The CPI rates nations on a scale of 0 to 100, with the lowest numbers indicating most corruption. ‘At the laboratories from countries below 50, like Russia on 28, there is high probability [of] corruption at sample collection sites, or inside the laboratory,’ he says.
Rodchenkov says he was still running his laboratory while confined to a psychiatric hospital
‘The countries above 50, less [corruption]. It’s very simple and very clear. The problem is WADA don’t take into account the disparity between countries. There’s a huge inequality.’
Rodchenkov points out that a country without a WADA lab, like Kenya which has a CPI rating of 28, will also likely be riddled with institutional corruption, including in anti-doping.
The Mail on Sunday analysed the current CPI scores of the 27 different countries where WADA has accredited labs, and the ‘most corrupt’ nine nations on this list — Russia, Brazil, Thailand, Turkey, India, China, Romania, South Africa and Greece — have all had their WADA-accredited labs closed, suspended and/or investigated in recent years.
When asked to name specific corrupt labs currently, Rodchenkov said: ‘I have serious suspicions but I cannot tell you because now WADA are investigating some laboratories. I know for sure some, but I cannot tell you because it’s part of an investigation [which is covered by] non-disclosure.’

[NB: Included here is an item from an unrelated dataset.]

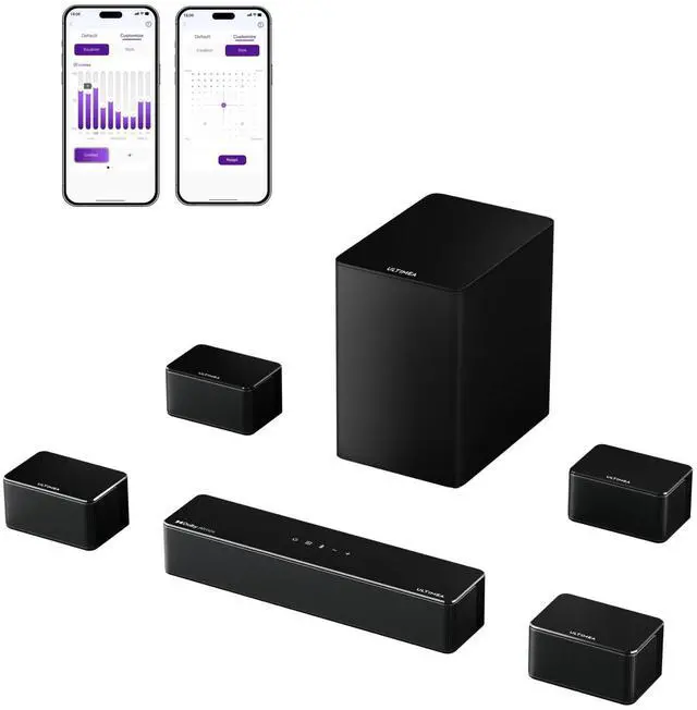 ^^ Precision Audio Tuning: With 121 expert EQ presets across genres like Bass, Pop, Classical, and Rock, plus 10-band and 6 tailored modes (Movie, Music, Voice, Sport, Game, and Night), this TV sound bar allows you to fine-tune audio to your preferences. The ULTIMEA Apps "Customize" feature ensures that your sound bar with subwoofers delivers the perfect balance of treble, bass, and mids in any setting.

Rodchenkov says his own experience and WADA-funded studies inform his knowledge of widespread cheating, although levels vary from sport to sport. In weightlifting he has seen ‘85 per cent to 95 per cent’ using drugs. In athletics, upwards of 40 per cent, and at pan-sport international events, perhaps even more.

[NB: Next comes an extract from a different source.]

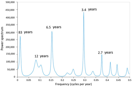 Figure 9. There are important cycles lasting around 12 years, related to sunspot cycles. A cycle of 83 years is also related to solar activity but is less reliable because it is longer than the length of the time series of the available data. The cycles of 6.5, 3.4, and 2.7 years are related to the North Atlantic Oscillation (NAO) index.

For the latter two examples he cites as evidence WADA-funded surveys conducted in 2011 and kept secret for years.
The World Anti-Doping Agency (WADA) asks for athletes to be ‘clean’ from illegal doping
The surveys asked 2,167 sportspeople at the 2011 World Athletics Championships in Daegu, South Korea, and at the Pan-Arab Games (PAG) in Doha, Qatar, held in the same year, about their drug use.

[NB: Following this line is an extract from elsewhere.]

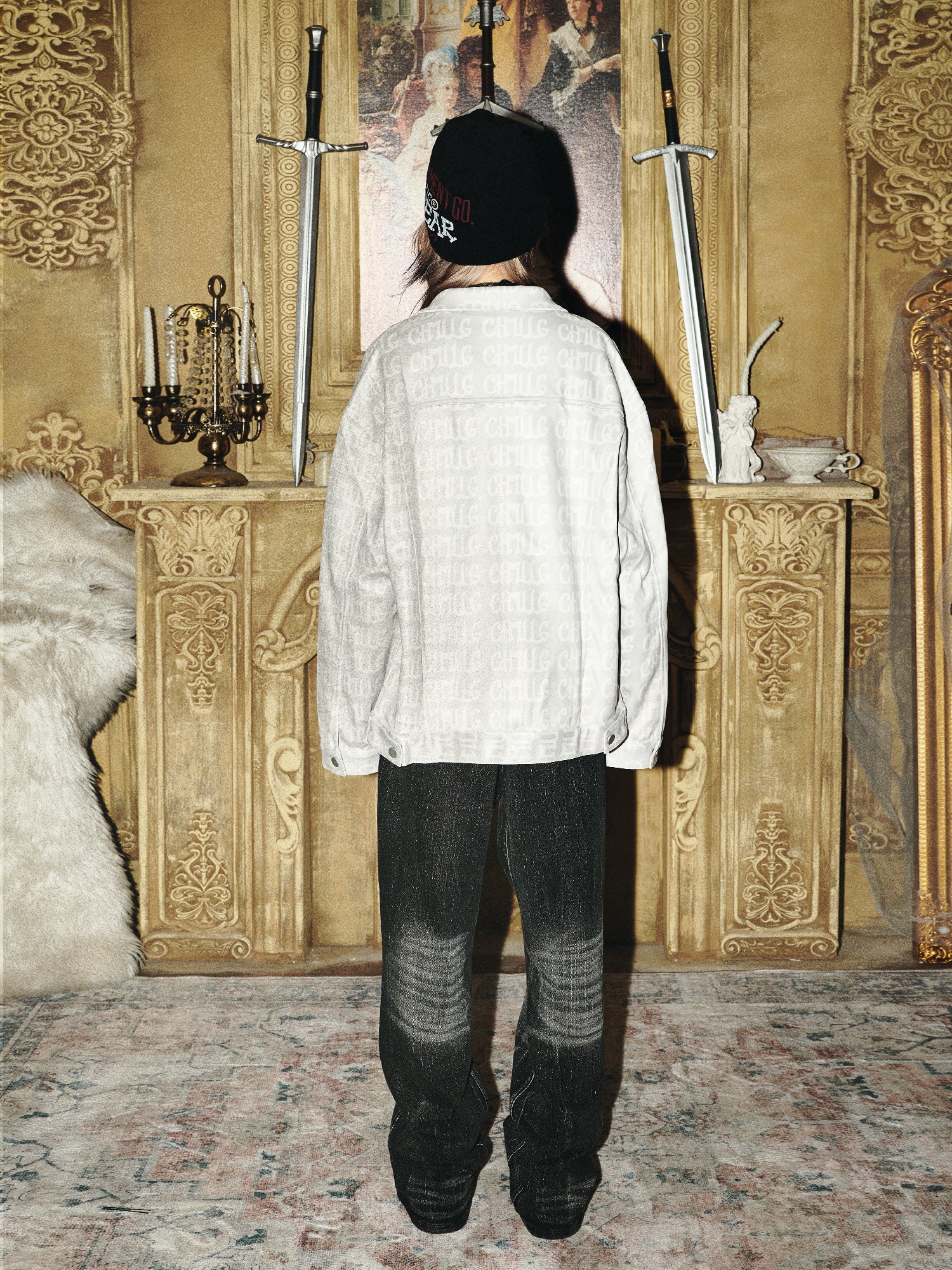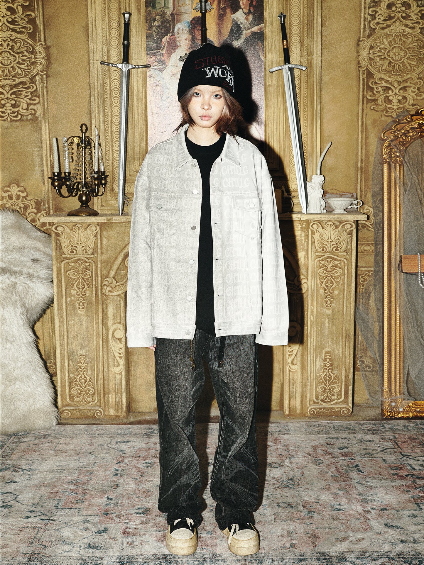 Suede All-Over Letter Print Oversize Jacket WN15870

It concluded that 44 per cent of the Daegu respondents had taken banned drugs in the previous year [in track and field], while some 57 per cent of the PAG sportspeople had done so.
Rodchenkov contrasts these figures with the very low numbers of cheats caught by conventional testing mostly in place now.
‘To catch cheaters it should be intelligence and it should be whistleblower information [not just urine samples],’ he says. ‘Otherwise you have only 1-2 per cent of positives as WADA reports in their annual reports, but doesn’t reflect the real situation.’
Rodchenkov fills his days now helping WADA to build cases against drug cheats unearthed in the scam he organised. There are currently 298 cases pending against individuals across 27 sports.
The fear and anxiety of his first months in hiding and in exile have transformed into a businesslike calm. His work is not yet done.
‘Of course you can be frightened for days or weeks but not for years,’ he tells me. ‘So I’m absolutely — if not easy mind — I’m quite relaxed.’